----- The data

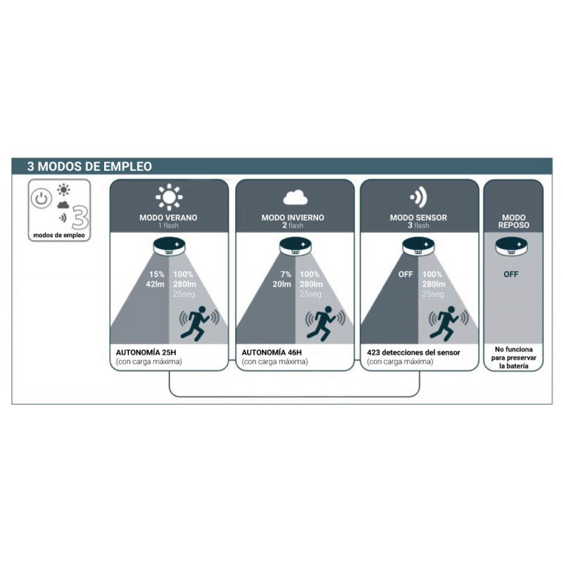 Sensor Mode: El modo sensor activa el sensor PIR de movimiento, con una intensidad lumínica de 280 lúmenes, tiempo activo de 25 segundos.
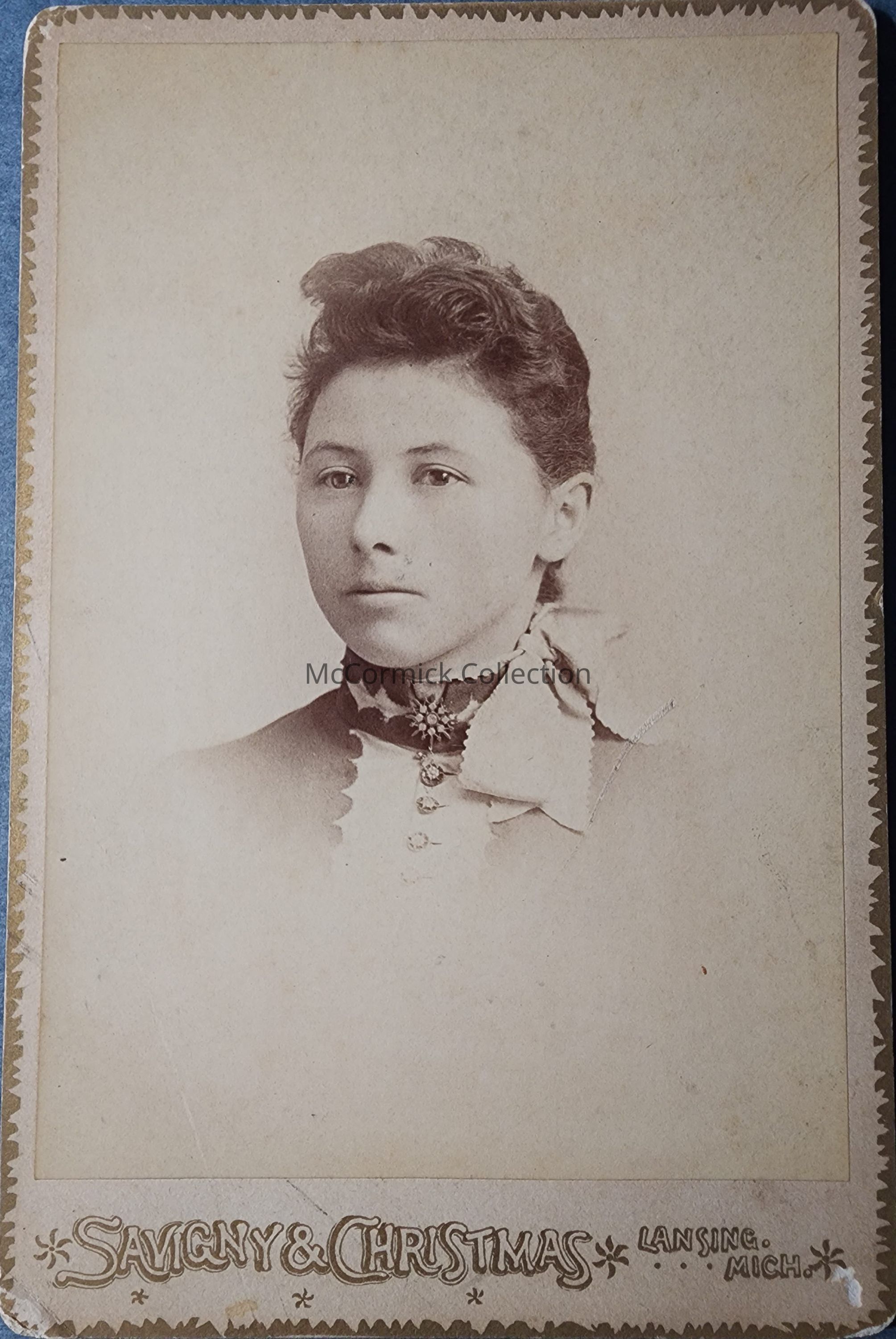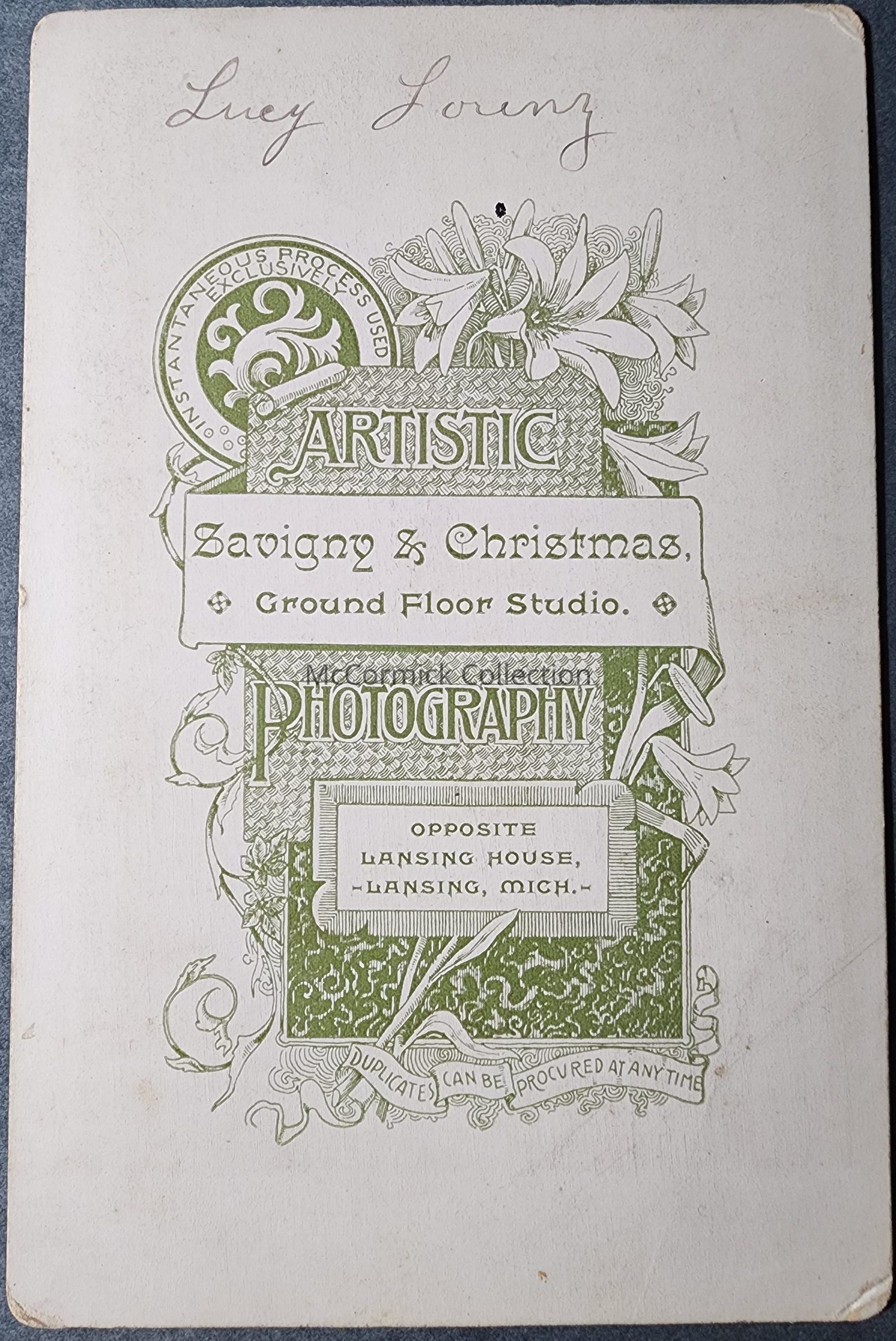 Cabinet card photograph of Lucy Lorenz by Lansing photographer Savigny and Christmas.
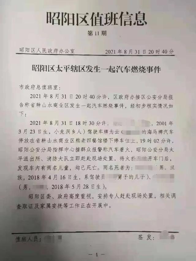 当晚7时02分许,昭阳区公安分局指挥中心接到群众关于该轿车着火燃烧的报警后,该分局太平派出所、昭阳区消防救援大队立即赶赴现场救援,将现场大火扑灭并破开车门后,发现车内两名儿童均已死亡,两名遇难儿童分别是司机的儿子和司机舅子的儿子,年龄分别为3岁零2个月、3岁零4个月。
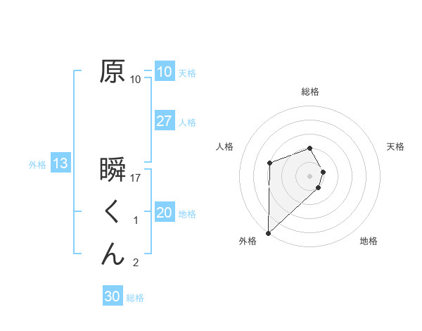 原 瞬くんさんを姓名の画数から五運を鑑定
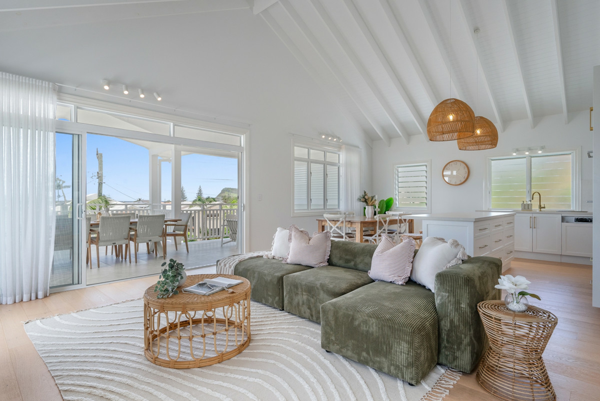 • Main Living Area: Featuring striking raked ceilings, a modern open-plan layout, and a kitchen equipped with stone benchtops, ample storage, and a convenient butler's pantry.
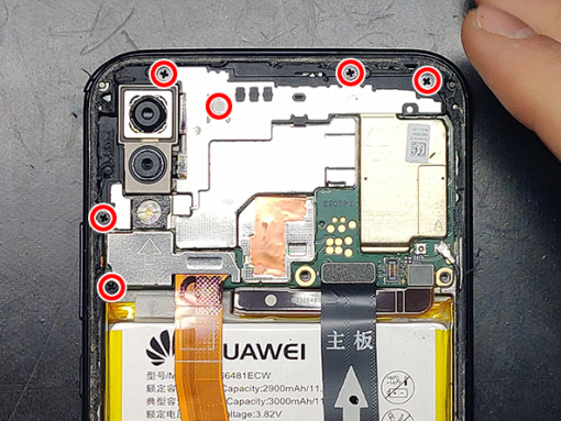 - Fjern beskyttelsen der sidder øverst. - Frakobl og fjern kameraet foran. - Frakobl antennekablet forsigtigt. - Frakobl og fjern det primære dobbeltkamera. - Lirk og fjern main-boardet fra telefonen.

----------

What this task involves | Output only the lines from the start of the data through the line that holds "原 瞬くんさんを姓名の画数から五運を鑑定". Keep them exact and leave the pictures out.

Reply |
 Sensor Mode: El modo sensor activa el sensor PIR de movimiento, con una intensidad lumínica de 280 lúmenes, tiempo activo de 25 segundos.
 Cabinet card photograph of Lucy Lorenz by Lansing photographer Savigny and Christmas.
 当晚7时02分许,昭阳区公安分局指挥中心接到群众关于该轿车着火燃烧的报警后,该分局太平派出所、昭阳区消防救援大队立即赶赴现场救援,将现场大火扑灭并破开车门后,发现车内两名儿童均已死亡,两名遇难儿童分别是司机的儿子和司机舅子的儿子,年龄分别为3岁零2个月、3岁零4个月。
 原 瞬くんさんを姓名の画数から五運を鑑定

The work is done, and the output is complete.